Ich stelle mir seit ein paar Tage die Frage:

Kann ich bspw. ein Objekt (ne Bean) einfach in einer MySQL Datenbank in einen Blob stecken. Und wenn ich sie wieder benötige, den Output der Datenbank in das entsprechende Objekt casten und wiederverwenden?

MfG Marcus


----------



## nollario (18. Jul 2004)

das geht... mit blobs zum beispiel... verwandelt dein objekt in ein byte array und schreib es dann so in die datenbank....

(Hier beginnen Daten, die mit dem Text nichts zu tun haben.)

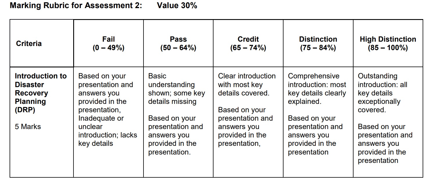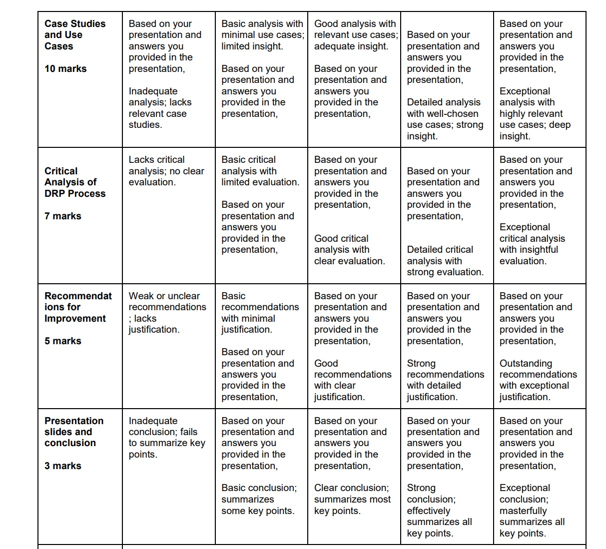 disaster recovery planning (DRP) process within the context of information security. Students will explore how organizations can prepare for, respond to, and recover from disasters that impact their information security infrastructure. Based on learning from exploration, then they will assume an organization and will make DRP for that organization. The assessment will involve analysing real-world use cases, identifying strengths and weaknesses in existing DRP processes, and proposing improvements based on current best practices and theoretical frameworks.
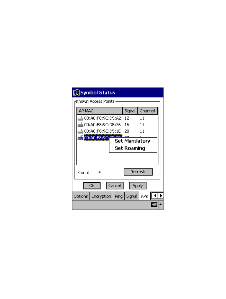 access point roaming capabilities. Selecting Set Mandatory prohibits the adapter from
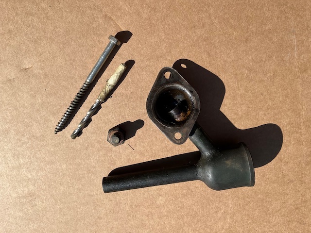 Daraufhin nahm ich eine 133 mm lange Holzschraube, die ich in die „Schlonz-Bohrung eindrehte. Ab einer bestimmten Tiefe konnte ich die kleine Ratsche mit 13er Nuss verwenden.
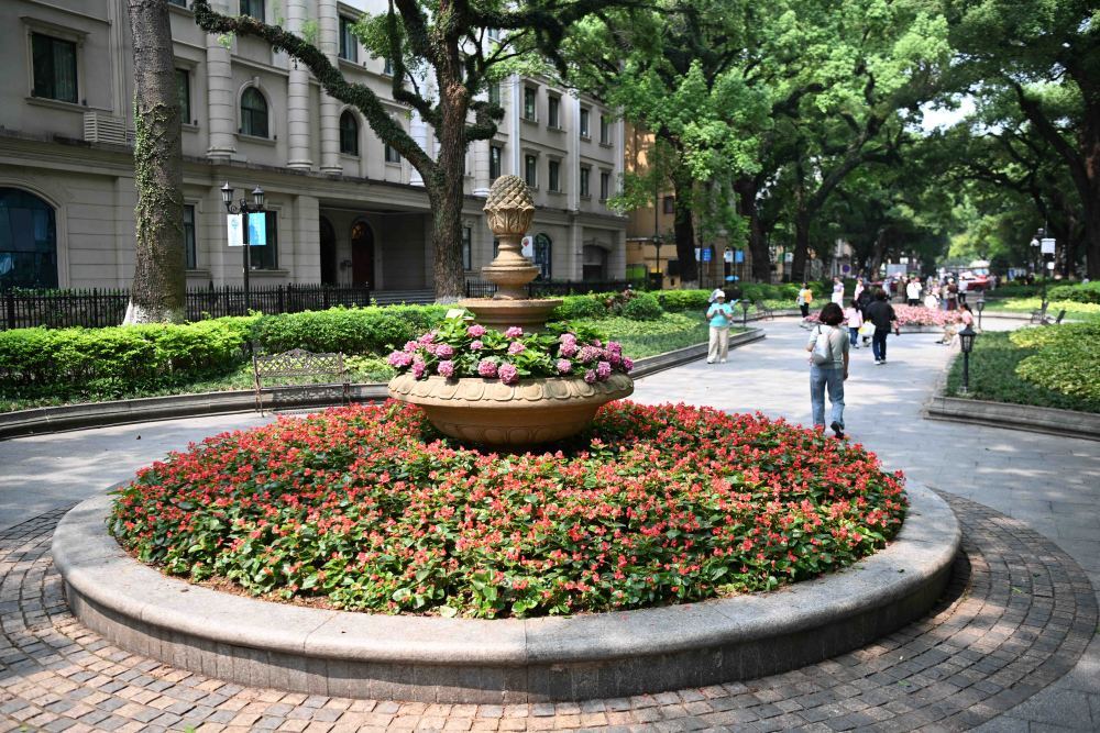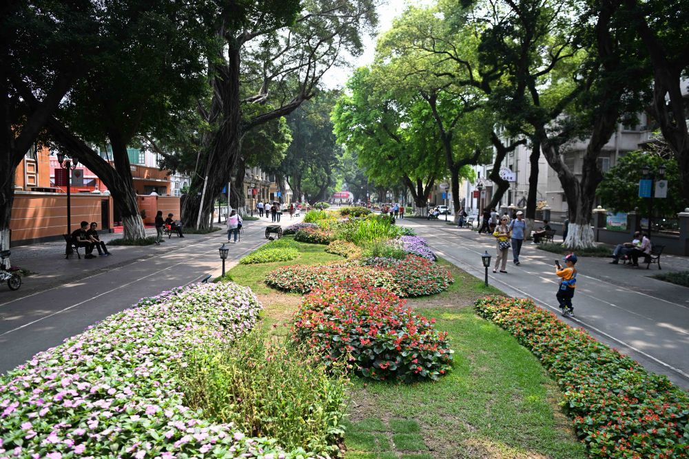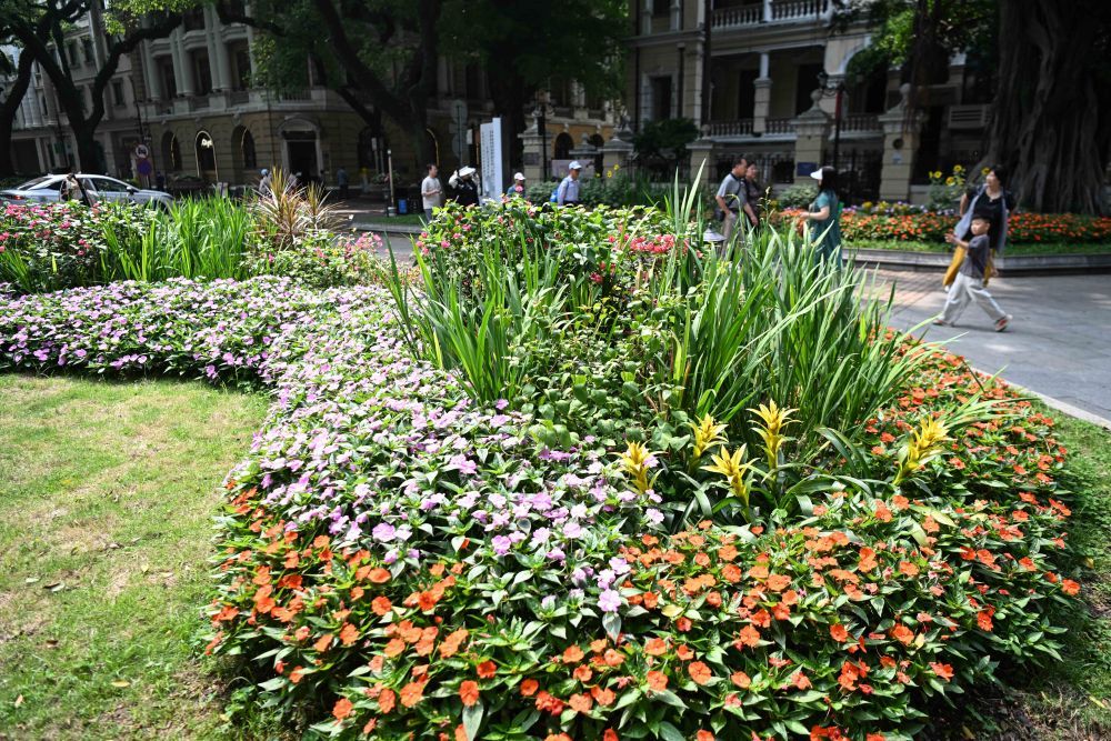 广州沙面大街上绿树成荫、鲜花盛开(4月11日摄)

gibt mehrere wege die hier zum ziel führen.... die objekte sollten allerdings nicht allzu gross sein, damit hatte ich schon probleme bei mysql.


----------



## semi (18. Jul 2004)

Einfaches

PreparedStatement.setObject(int index, Object o)
und ResultSet.getObject(int index)

funktioniert auch.
Setzt aber voraus, dass die zu speichernden Objekte serialisierbar sind.

Gruß,
Michael


----------



## MarcusD (18. Jul 2004)

Genau das wollte ich hören!!!
THX Marcus


----------



## nachtfalke (5. Mrz 2006)

hallo!

ich will ein double-Array in mysql abspeichern. das geht wunderbar wie hier beschrieben mit setObject in eine spalte mit dem typ "blob". oder welchen typ soll die spalte denn haben? denn das auslesen mit getobject liefert mir logischerweise ein blob-objekt, das ich leider nicht in mein double-array umwandeln kann.
Also: soll die spalte nen anderen typ haben (OBJECT oder JAVA_OBJECT kennt mein mysql nicht) oder geht das mit dem umwandeln aus dem byte-array, das ich über das blob-objekt bekomme?


----------



## R.B. (2. Mai 2007)

Habe gerade diesen Beitrag gefunden...
Gibt es eine Möglichkeit, das Objekt komplett als Objekt zu speichern?
Ich will auch wenn das Objekt dadrinnen liegt, hergehen können und z.B. einen Index über bestimmte Instanzvariabeln anlegen können.
Muss ja nicht MySQL sein, aber gibt es eine DB die sowas kann?
Würde mir viel Arbeit ersparen...


----------



## AlArenal (2. Mai 2007)

Dafür hat der Herr (oder einer seiner Schergen) die ORMs erfunden. Anders als die dümmlichen. hässlichen Orks sind ORMs recht nützliche Gesellen und es gibt sie in allerlei Couleur 

Hibernate, Cayenne, SimpleORM, ...


----------



## R.B. (2. Mai 2007)

Danke für den Tipp.
Die kannte ich noch nicht 

Muss mir mal ein ordentliches Buch über Datenbanken und Datenspeicherung besorgen.


----------



## AlArenal (2. Mai 2007)

Der Einsatz eines ORM bringt natürlich erstmal mit sich, die QUal der Wahl zu haben und sich einarbeiten zu müssen (und/oder umgekehrt). Sie sind demnach nicht für jedes Szenario das Mittel der Wahl.


----------